On Behalf of | Oct 15, 2021 | Intellectual Property |

Businesses in California and throughout the nation take specific steps to stand out among the rest. The competition can be high in certain industries, making it imperative that a business take measures to market themselves and increase their value. In order to overcome the competition, a business may seek out groundbreaking innovations. However, when utilizing intellectual property, it is important that businesses and corporations understand the challenges they are likely to face and ways to resolve them, especially if business litigation arises.

IP challenges

To begin, it can be challenging for a business to create a valuable IP. In essence, if an IP does not generate value, it is likely to not be utilized. In fact, studies indicate roughly 80% of patents go unutilized if they do not generate any value to the company. The next challenge is managing an IP portfolio. This is not just paying maintenance fees but rather using the IP to achieve broader objectives for the business.

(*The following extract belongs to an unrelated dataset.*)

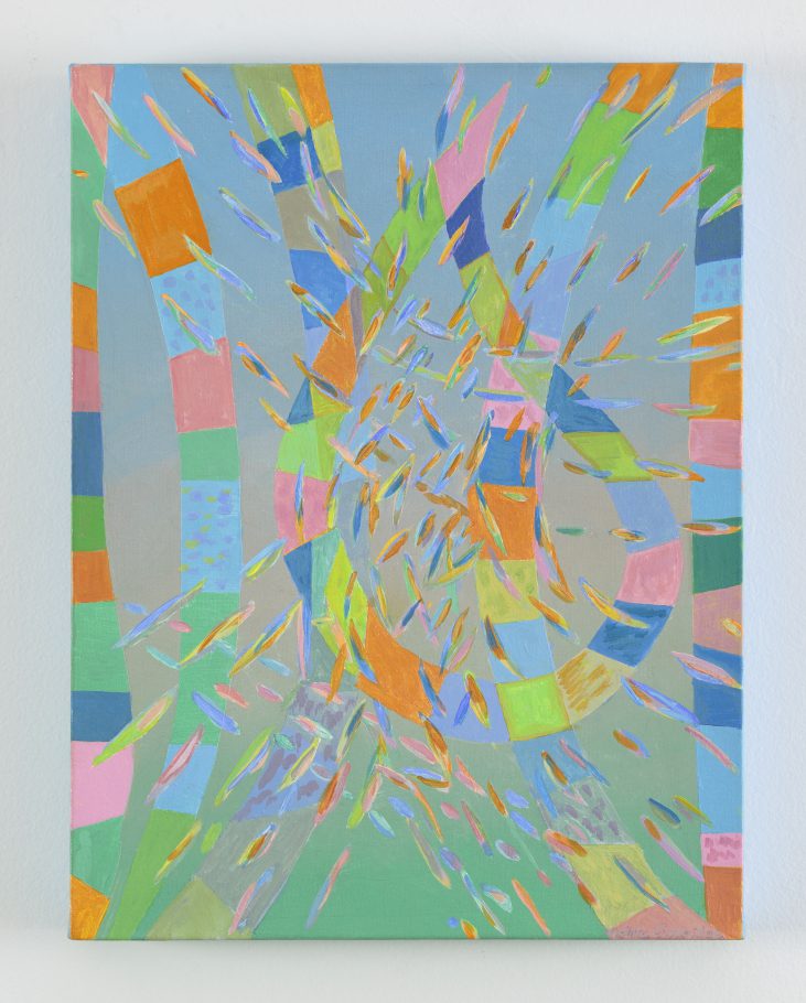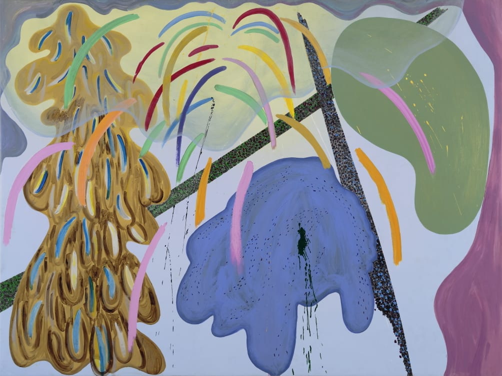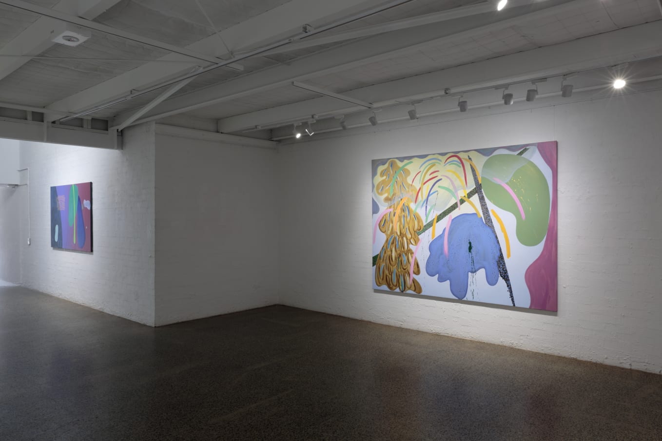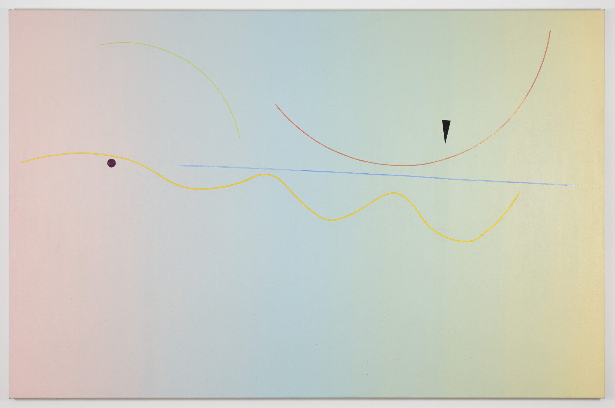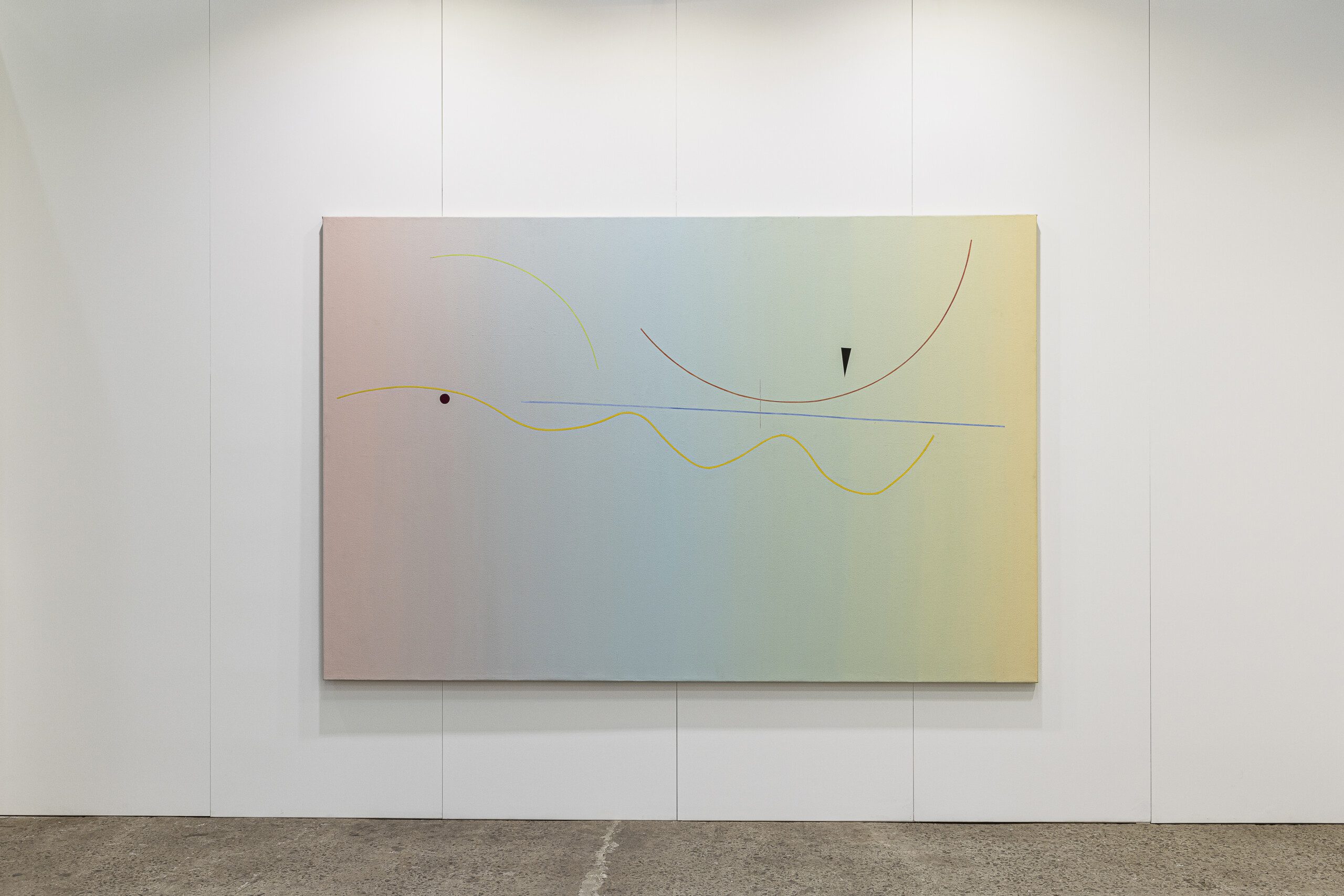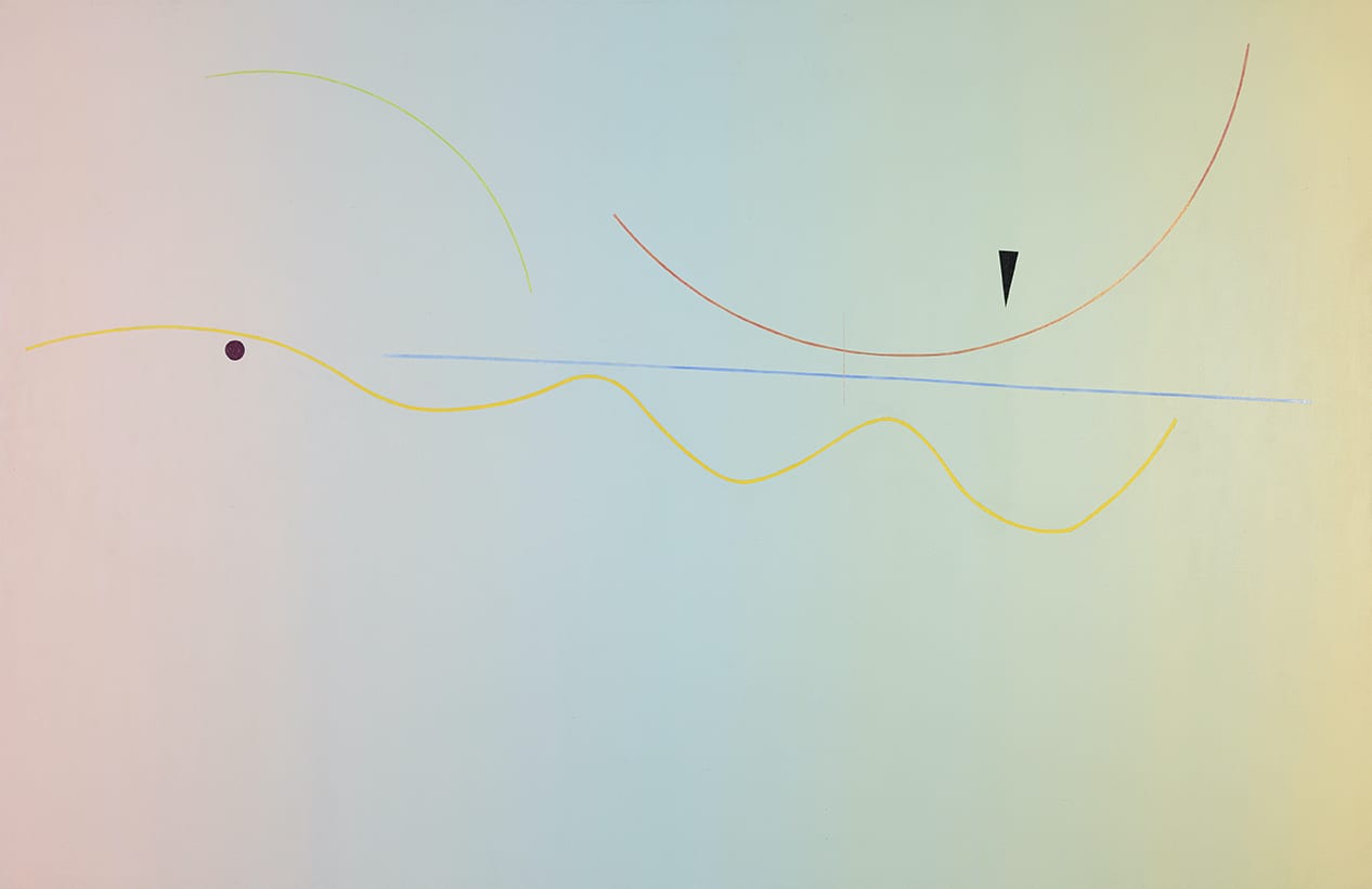 Juxtaposed against these fields of blended colour are delicate arcs, rods, triangles and dots of colour, painted by hand or drawn or collaged onto the canvas in black, acidic greens and vivid primaries. There is a playful, acrobatic sense in the way Cuppaidge conjures these forms with precision and calculated risk. They too evince a sculptural awareness of balance. Their painterly antecedents may lie with Miro but they also respond to the airiness of an Alexander Calder mobile or a Kenneth Snelson tensile construction, hovering and extending in space.

The third common challenge faced with intellectual property is the competition. This not only means standing out among the competition but also considering legal issues associated with duplicate innovative technology. That brings us to the next challenge, which is IP lawsuits. These could cause major financial losses for a company, as it could result in the loss of customers and tarnish the reputation of the brand.

Finally, it can be challenging to maintain the profitability of IP departments. Intangible assets tend to contribute to the growth of the company, but this is often overlooked when it comes to budget cuts.

Possible resolutions

While there are many resolutions to these challenges, those concerning legal issues arising with intellectual property will be discussed. To begin, for issues involving competition, having a strong patent portfolio can help protect the service and product offered as well as aiding in matters that arise to a patent-infringement lawsuit. If a lawsuit does arise, having a freedom-to-operate assessment as well as IP-indemnification clauses could help a business avoid litigation.

When dealing with intellectual property, a business not only seeks to crush the competition with it, but they also seek to protect it and avoid litigation because of it. As such, businesses should understand the potential issues that could arise and how to prevent them or address them if they arise.